By Kevin Murphy
KANSAS CITY, Mo (Reuters) - Officials reassured parents on Wednesday that the Kansas City School District's loss of accreditation will not keep students from getting high school diplomas.
The state of Missouri has announced it will remove the district's accreditation on January 1 because of chronic low performance scores on standardized tests. The district has been provisionally accredited since 2002 and now has two years to regain accreditation.
Interim Superintendent R. Stephen Green said the loss of accreditation was disappointing though understandable. He sees it as a challenge to the district.
"Student achievement remains our top priority and we will couple with this a focus on restoration and recovery of our accreditation status," Green said in a district news release. "We can, and we will, bounce back from this setback."
The district set up a phone bank Wednesday to answer questions about the loss of accreditation and will hold town hall meetings Wednesday and Thursday evenings to discuss its impact.
"Parents are worried about how this will affect their children," Eileen Houston-Stewart, executive director of public relations for the district, said Wednesday.
Parents who called the phone bank Wednesday were mainly concerned about whether students will be able to graduate with diplomas next spring and beyond, Houston-Stewart said.
Individual schools in the district remain accredited, Houston-Stewart said. District accreditation is a separate process, she said.
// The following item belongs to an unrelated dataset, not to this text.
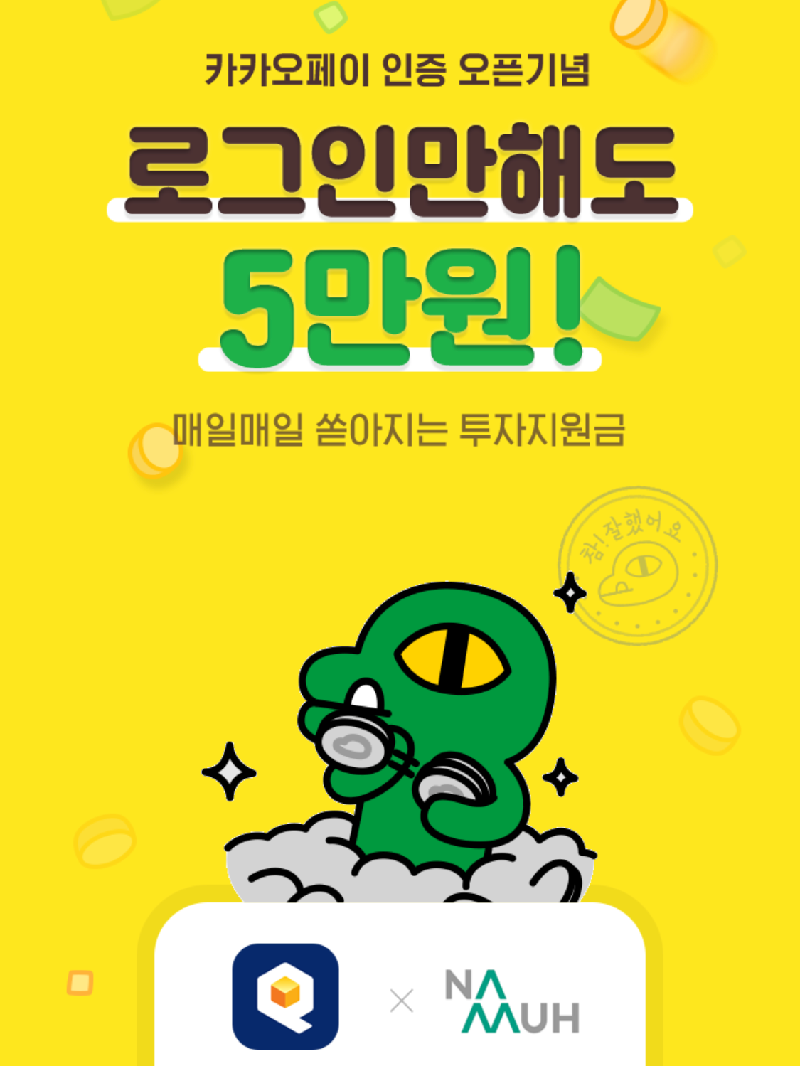 카카오페이 로그인만 해도 5만 원 투자지원금이 지급됩니다.

"Any children who graduate and meet all the course work requirements will graduate with a valid diploma," Houston-Stewart said.
Parents also questioned if they could enroll their children in other public school districts because of the loss of accreditation, Houston-Stewart said.
That remains uncertain, she said, in light of a court challenge to a state law regarding transfers in St. Louis, which also lost its accreditation.
The Kansas City School Board has approved a two-year turn-around plan to regain accreditation. It outlines goals for the board, teachers and students to improve student achievement and district accountability. If the plan fails, the state could take over the district.
"We are on the right track and we will keep working on this plan," Houston-Stewart said. "Parents have a role to play, too. We all have a stake in this."